NAME
SQL::Statement - SQL parsing and processing engine
SYNOPSIS
require SQL::Statement;
# Create a parser
my($parser) = SQL::Statement->new('Ansi');
# Parse an SQL statement
$@ = '';
my ($stmt) = eval {
SQL::Statement->new("SELECT id, name FROM foo WHERE id > 1",
$parser);
};
if ($@) {
die "Cannot parse statement: $@";
}
# Query the list of result columns;
my $numColums = $stmt->columns(); # Scalar context
my @columns = $stmt->columns(); # Array context
# @columns now contains SQL::Statement::Column instances
# Likewise, query the tables being used in the statement:
my $numTables = $stmt->tables(); # Scalar context
my @tables = $stmt->tables(); # Array context
# @tables now contains SQL::Statement::Table instances
# Query the WHERE clause; this will retrieve an
# SQL::Statement::Op instance
my $where = $stmt->where();
# Evaluate the WHERE clause with concrete data, represented
# by an SQL::Eval object
my $result = $stmt->eval_where($eval);
# Execute a statement:
$stmt->execute($data, $params);
DESCRIPTION
For installing the module, see the section on "INSTALLATION" below.
The SQL::Statement module implements a small, abstract SQL engine. This
module is not usefull itself, but as a base class for deriving concrete
SQL engines. The implementation is designed to work fine with the DBI
driver DBD::CSV, thus probably not so well suited for a larger
environment, but I'd hope it is extendable without too much problems.

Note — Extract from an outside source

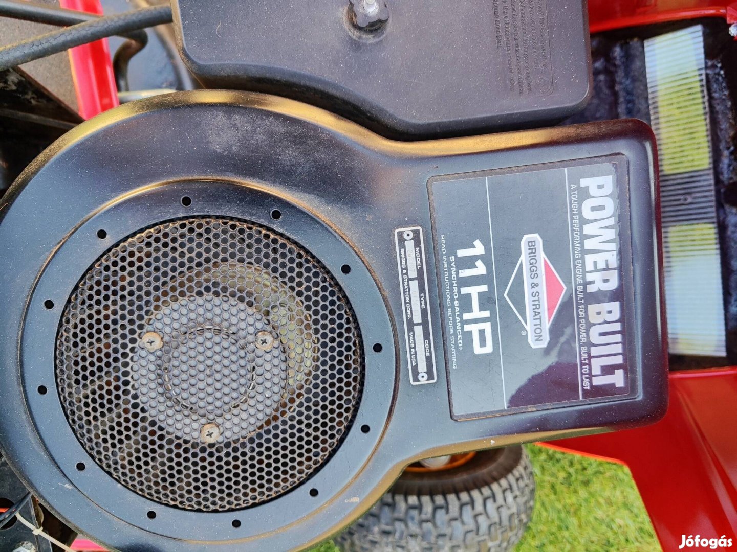 Rally fűnyíró traktor kétkéses vágóasztalal mechanikus váltóval 11 lóerős briggs motorral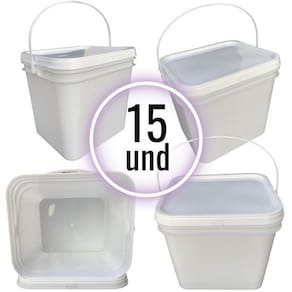 Balde retangular 3.6 litros com tampa lacre de segurança 100% bpa free - 15 peças Comercializamos o balde vazio - o titulo serve apenas como sugestão de usabilidade - embalagens com boa resistência em baixas e altas temperaturas e aprovadas para contato com alimentos. - balde plásticos rígidos desenvolvidos e fabricados especificamente para a indústria alimenticia, quimica e farmaceutica - as tampas tem ótimo fechamento e são de fácil colocação, seu desenho permite um empilhamento seguro na câmera fria. Todos os processos são feitos em sintonia com as suas exigências, tanto de segurança, durabilidade e estética. Nesta compra voce vai receber: 15 x baldes retangulares branco com capacidade de 3.6 litros 15 x tampas plastica retangulares branca com lacre de segurança Balde: Valor nominal 3.6 litros Peso balde com tampa e alça 117 gramas aproximado Altura externa sem tampa 172mm aproximado Altura com tampa 173mm aproximado Diametro interno superior 183mm aproximado Diametro externo superior 194mm aproximado Diametro externo inferior 166mm aproximado Espessura media lateral 1,05mm aproximado Espessura media fundo 0,95mm aproximado Tampa: Diametro externo: 194mm Altura: 14mm Espessura media parede: 0,77mm Peso: 33 gramas Alça: Comprimento: 350 mm Espessura media parede: 0,85 mm O balde retangular de 3.6 litros para alimento com tampa lacre é um recipiente projetado para armazenar alimentos em grandes quantidades. Ele é fabricado em plástico resistente, pp polipropileno de alta densidade, que é seguro para o contato com alimentos. A forma retangular do pote permite que ele seja empilhado facilmente, o que economiza espaço no armazenamento. O tamanho de 3.6 litros é adequado para armazenar alimentos em grande quantidade, tornando-o uma opção popular para uso comercial em restaurantes, padarias, indústrias alimentícias, entre outros. Seu volume real abaixo da tampa é de 3,6 litros podendo chegar em 4 litros sem tampa até a borda do balde. A tampa lacre é uma característica importante deste balde, pois mantém o conteúdo fresco e protegido de contaminantes externos. Possui um sistema de encaixe que proporciona um fechamento seguro e hermético, impedindo a entrada de ar, poeira, insetos e outros elementos que possam prejudicar a qualidade do alimento. Além disso, o balde de 3.6 litros retangular para alimento com tampa lacre de segurança é facilmente higienizável, podendo ser lavado com água e sabão e diversas vezes. Isso o torna uma opção econômica e sustentável para o armazenamento de alimentos. Alguns dos principais benefícios do balde 3.6 litros retangular para alimento com tampa lacre incluem: - alta capacidade de armazenamento: com capacidade de 3.6 litros, este pote é ideal para armazenar grandes quantidades de alimentos. - proteção contra contaminação: a tampa com lacre de segurança é uma barreira eficaz contra insetos, poeira e outros contaminantes que possam prejudicar a qualidade do alimento. - facilidade de transporte: o balde é leve e fácil de transportar, permitindo que o alimento seja movido de um local para outro com facilidade. Em resumo, o balde de 3.6 litros retangular para alimento com tampa lacre é um recipiente prático e seguro para o armazenamento de alimentos em grandes quantidades. Com sua forma retangular, tampa lacre e material resistente, ele é uma opção popular e econômica para uso comercial e industrial. O balde retangular com capacidade para 3.6 litros é perfeito para armazenar e transportar líquidos com segurança e praticidade. Sua tampa lacre garante vedação completa, evitando vazamentos e mantendo o conteúdo fresco por mais tempo.

By parsing an SQL query you create an SQL::Statement instance. This
instance offers methods for retrieving syntax, for WHERE clause and
statement evaluation.
Creating a parser object
What's accepted as valid SQL, depends on the parser object. There is a
set of so-called features that the parsers may have or not. Usually you
start with a builtin parser:
my $parser = SQL::Parser->new($name, [ \%attr ]);
Currently two parsers are builtin: The *Ansi* parser implements a proper
subset of ANSI SQL. (At least I hope so. :-) The *SQL::Statement* parser
is used by the DBD:CSV driver.
You can query or set individual features. Currently available are:
create.type_blob
create.type_real
create.type_text
These enable the respective column types in a *CREATE TABLE*
clause. They are all disabled in the *Ansi* parser, but enabled
in the *SQL::Statement* parser. Example:
select.join
This enables the use of multiple tables in a SELECT statement,
for example
SELECT a.id, b.name FROM a, b WHERE a.id = b.id AND a.id = 2
To enable or disable a feature, for example *select.join*, use the
following:
# Enable feature
$parser->feature("select", "join", 1);
# Disable feature
$parser->feature("select", "join", 0);
Of course you can query features:
# Query feature
my $haveSelectJoin = $parser->feature("select", "join");
The `new' method allows a shorthand for setting features. For example,
the following is equivalent to the *SQL::Statement* parser:
$parser = SQL::Statement->new('Ansi',
{ 'create' => { 'type_text' => 1,
'type_real' => 1,
'type_blob' => 1 },
'select' => { 'join' => 0 }});
Parsing a query
A statement can be parsed with
my $stmt = SQL::Statement->new($query, $parser);
In case of syntax errors or other problems, the method throws a Perl
exception. Thus, if you want to catch exceptions, the above becomes
$@ = '';
my $stmt = eval { SQL::Statement->new($query, $parser) };
if ($@) { print "An error occurred: $@"; }
The accepted SQL syntax is restricted, though easily extendable. See the
section on "SQL syntax" below. See the section on "Creating a parser
object" above.
Retrieving query information
The following methods can be used to obtain information about a query:
command Returns the SQL command, currently one of *SELECT*, *INSERT*,
*UPDATE*, *DELETE*, *CREATE* or *DROP*, the last two referring
to *CREATE TABLE* and *DROP TABLE*. See the section on "SQL
syntax" below. Example:
my $command = $stmt->command();
columns my $numColumns = $stmt->columns(); # Scalar context my @columnList =
$stmt->columns(); # Array context my($col1, $col2) = ($stmt-
>columns(0), $stmt->columns(1));
This method is used to retrieve column lists. The meaning
depends on the query command:
SELECT $col1, $col2, ... $colN FROM $table WHERE ...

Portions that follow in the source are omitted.